# [DATA FOR REVIEW]

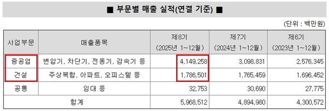 특히 전력·에너지 사업이 성장을 견인했다. 해당 부문 매출은 약 4조1492억원으로 전년 대비 30% 이상 증가하며 전체 매출의 약 70%를 차지했다. 전력망 투자 확대와 초고압 전력기기 수요 증가가 실적 상승을 이끈 것으로 분석된다.
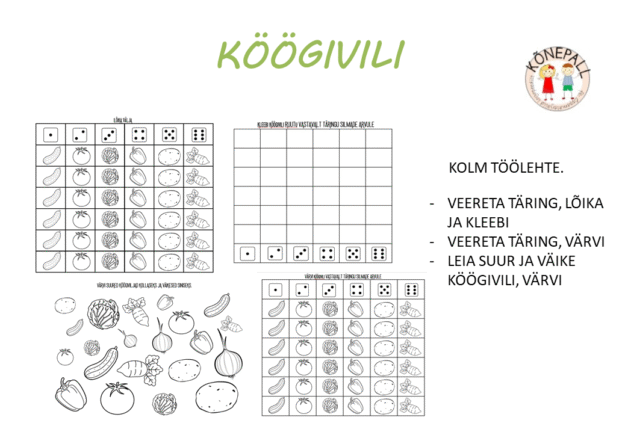 Materjalis on kolm töölehte. Kahe puhul kasutatakse täringut, seejärel valitakse pilt (lõika ja kleebi või värvi). Kolmandal töölehel valitakse viljade hulgast suurimad ja väikseimad ning värvitakse.
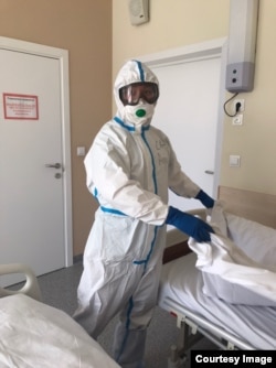 Алдар прошел медобследование, затем инструктаж по работе. Его научили правильно надевать и снимать "скафандр", как он сам называет свой защитный костюм.
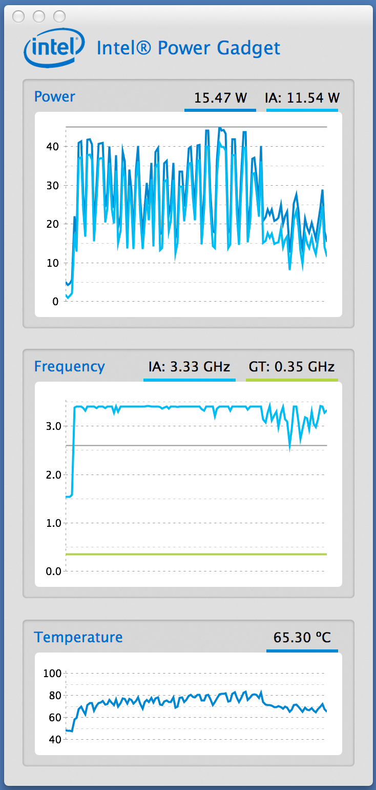 I’m sure you’ve had that thought ‘This pc used to be faster’. I used to put it down to the number of installed operating system patches and other software etc, however now my first port of call is always going to be boot up the Intel Power Gadget (also available on PC) and check that the machine is operating at the expected frequency. If not open up the machine, and clean the cooling system.
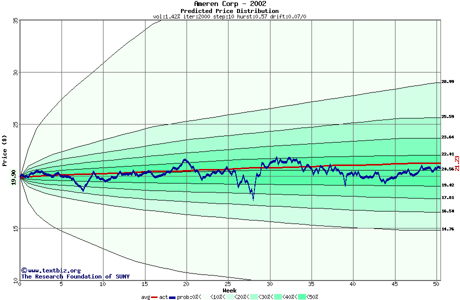 The following graph plots the year-to-date performance of the stock for 2002 compared to the probability calculated by a random walk model.
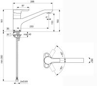 DN 15, mit 360° schwenkbarem Gussauslauf und Luftsprudler, Ausladung: 230 mm, Auslaufhöhe: 133 mm, Bedienungshebel aus Metall, Befestigung: von unten, flexible Anschlussschläuche G 3/8, erforderlicher Lochdurchmesser: 35 mm, Kartusche: mit keramischen Dichtscheiben, Kartuschenübersetzung aus...

# [DESCRIPTION OF THE TASK]
Could you output exactly the lines above, from the line with "Алдар прошел медобследование, затем" up to and including the line with "I’m sure you’ve", and nothing else, skipping the pictures?

# [SOLUTION TO THE PROBLEM]
 Алдар прошел медобследование, затем инструктаж по работе. Его научили правильно надевать и снимать "скафандр", как он сам называет свой защитный костюм.
 I’m sure you’ve had that thought ‘This pc used to be faster’. I used to put it down to the number of installed operating system patches and other software etc, however now my first port of call is always going to be boot up the Intel Power Gadget (also available on PC) and check that the machine is operating at the expected frequency. If not open up the machine, and clean the cooling system.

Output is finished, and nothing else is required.